About this exercise> Span requested from the data below: the line with "Tiro atajado raso" through the line with "ROPÉフェイクファー ジレ ベストグレー", both included. Give only these lines again, exactly, and leave every picture out.

Records for the task>
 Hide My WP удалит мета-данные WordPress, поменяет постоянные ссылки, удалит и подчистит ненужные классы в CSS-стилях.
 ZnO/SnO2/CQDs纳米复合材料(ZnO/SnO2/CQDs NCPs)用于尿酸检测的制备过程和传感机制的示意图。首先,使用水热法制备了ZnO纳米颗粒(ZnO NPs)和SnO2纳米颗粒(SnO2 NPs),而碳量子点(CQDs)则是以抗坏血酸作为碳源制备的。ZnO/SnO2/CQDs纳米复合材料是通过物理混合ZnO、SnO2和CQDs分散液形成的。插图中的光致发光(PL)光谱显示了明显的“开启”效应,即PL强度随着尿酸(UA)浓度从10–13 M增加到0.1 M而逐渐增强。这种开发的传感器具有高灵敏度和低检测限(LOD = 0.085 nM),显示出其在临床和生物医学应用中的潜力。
==
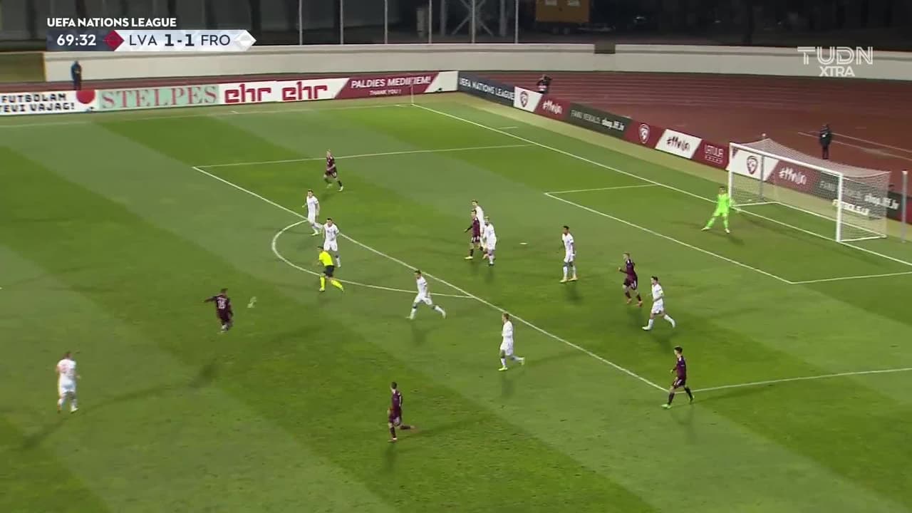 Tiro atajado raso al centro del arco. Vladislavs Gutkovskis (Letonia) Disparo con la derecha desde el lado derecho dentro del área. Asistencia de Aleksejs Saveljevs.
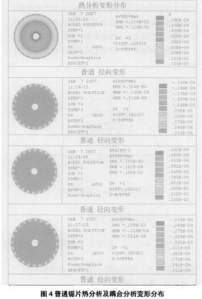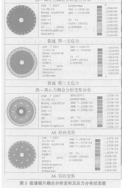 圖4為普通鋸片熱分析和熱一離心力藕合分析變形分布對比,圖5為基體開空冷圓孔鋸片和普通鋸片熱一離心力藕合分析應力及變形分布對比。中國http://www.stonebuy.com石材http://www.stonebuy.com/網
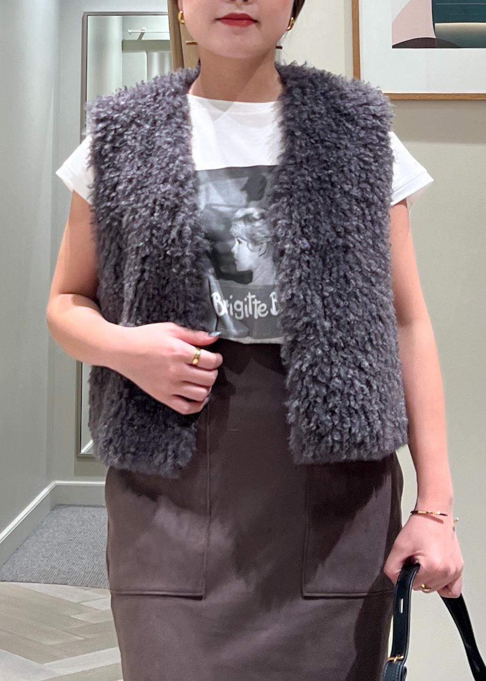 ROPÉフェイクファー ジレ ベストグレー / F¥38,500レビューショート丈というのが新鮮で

Reply to the task>
 Tiro atajado raso al centro del arco. Vladislavs Gutkovskis (Letonia) Disparo con la derecha desde el lado derecho dentro del área. Asistencia de Aleksejs Saveljevs.
 圖4為普通鋸片熱分析和熱一離心力藕合分析變形分布對比,圖5為基體開空冷圓孔鋸片和普通鋸片熱一離心力藕合分析應力及變形分布對比。中國http://www.stonebuy.com石材http://www.stonebuy.com/網
 ROPÉフェイクファー ジレ ベストグレー / F¥38,500レビューショート丈というのが新鮮で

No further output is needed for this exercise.